## Problem to solve:
Repeat exactly the lines below, from the line containing "- Upgrade and" through the last line, both included. Leave out any pictures.

## Input for this task:
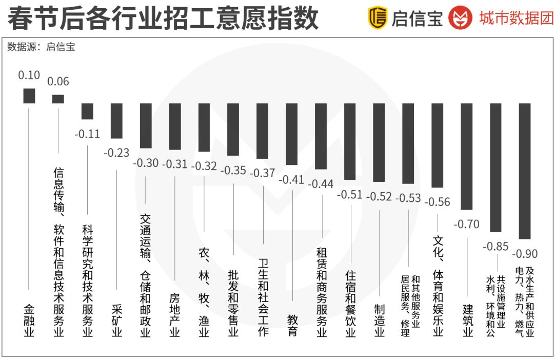 在普遍较弱的情况下,招工意愿增强的行业是金融和信息服务。
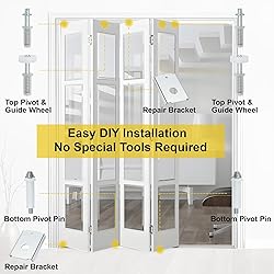 - Upgrade and restore your wooden bi-fold doors with this Complete Bi-Fold Door Repair Kit, specially designed for 1-3/8" wood doors. This all-in-one set includes 8 N7192 heavy-duty repair brackets to reinforce pivot holes, 2 sets of N7266 top pivot and guide wheel assemblies for smooth track operation, and N7538 bottom pivot pins in both 3/8" and 7/16" sizes to ensure compatibility with a wide range of door frames.
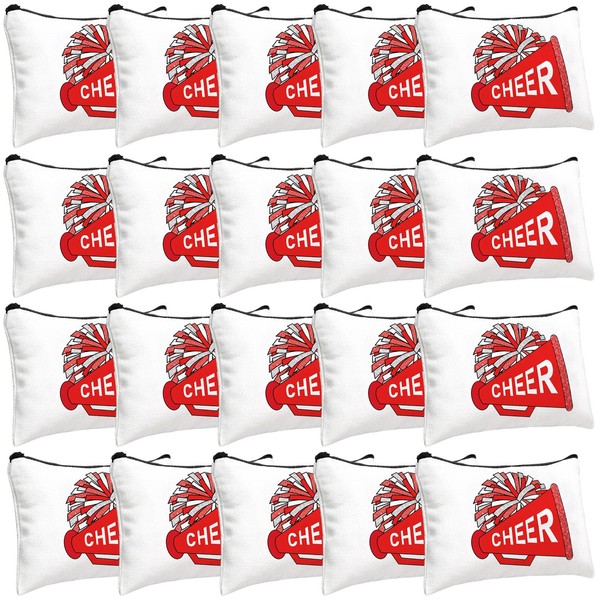 Cosblank 20 Pcs Cheer Makeup Bag Cheer Teams Gifts Cheer Canvas Makeup Case Cheerleader Cheer Teams Gifts Zipper Pouch for Teen Girls Women Teammates Cheer Party Supplies(Red)
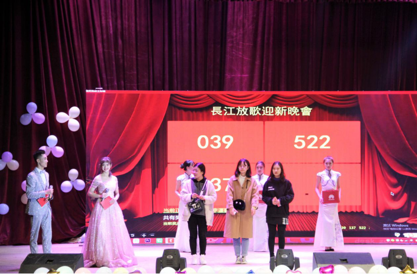 本次“长江放歌”主题迎新晚会结合我院特色,开创了演播台和现场主持相结合的新型晚会主持方式,主持人仪态端庄自然,举止优雅,与现场观众进行互动,场下的观众们气氛高涨,掌声雷动。
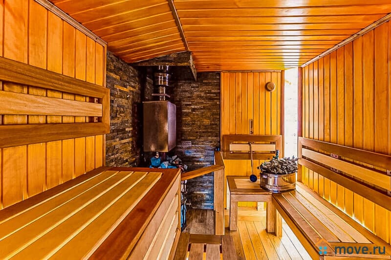 В бане: комната отдыха со столом, стульями, диваном и ТВ; парилка; душевая и санузел.

## Task result:
 - Upgrade and restore your wooden bi-fold doors with this Complete Bi-Fold Door Repair Kit, specially designed for 1-3/8" wood doors. This all-in-one set includes 8 N7192 heavy-duty repair brackets to reinforce pivot holes, 2 sets of N7266 top pivot and guide wheel assemblies for smooth track operation, and N7538 bottom pivot pins in both 3/8" and 7/16" sizes to ensure compatibility with a wide range of door frames.
 Cosblank 20 Pcs Cheer Makeup Bag Cheer Teams Gifts Cheer Canvas Makeup Case Cheerleader Cheer Teams Gifts Zipper Pouch for Teen Girls Women Teammates Cheer Party Supplies(Red)
 本次“长江放歌”主题迎新晚会结合我院特色,开创了演播台和现场主持相结合的新型晚会主持方式,主持人仪态端庄自然,举止优雅,与现场观众进行互动,场下的观众们气氛高涨,掌声雷动。
 В бане: комната отдыха со столом, стульями, диваном и ТВ; парилка; душевая и санузел.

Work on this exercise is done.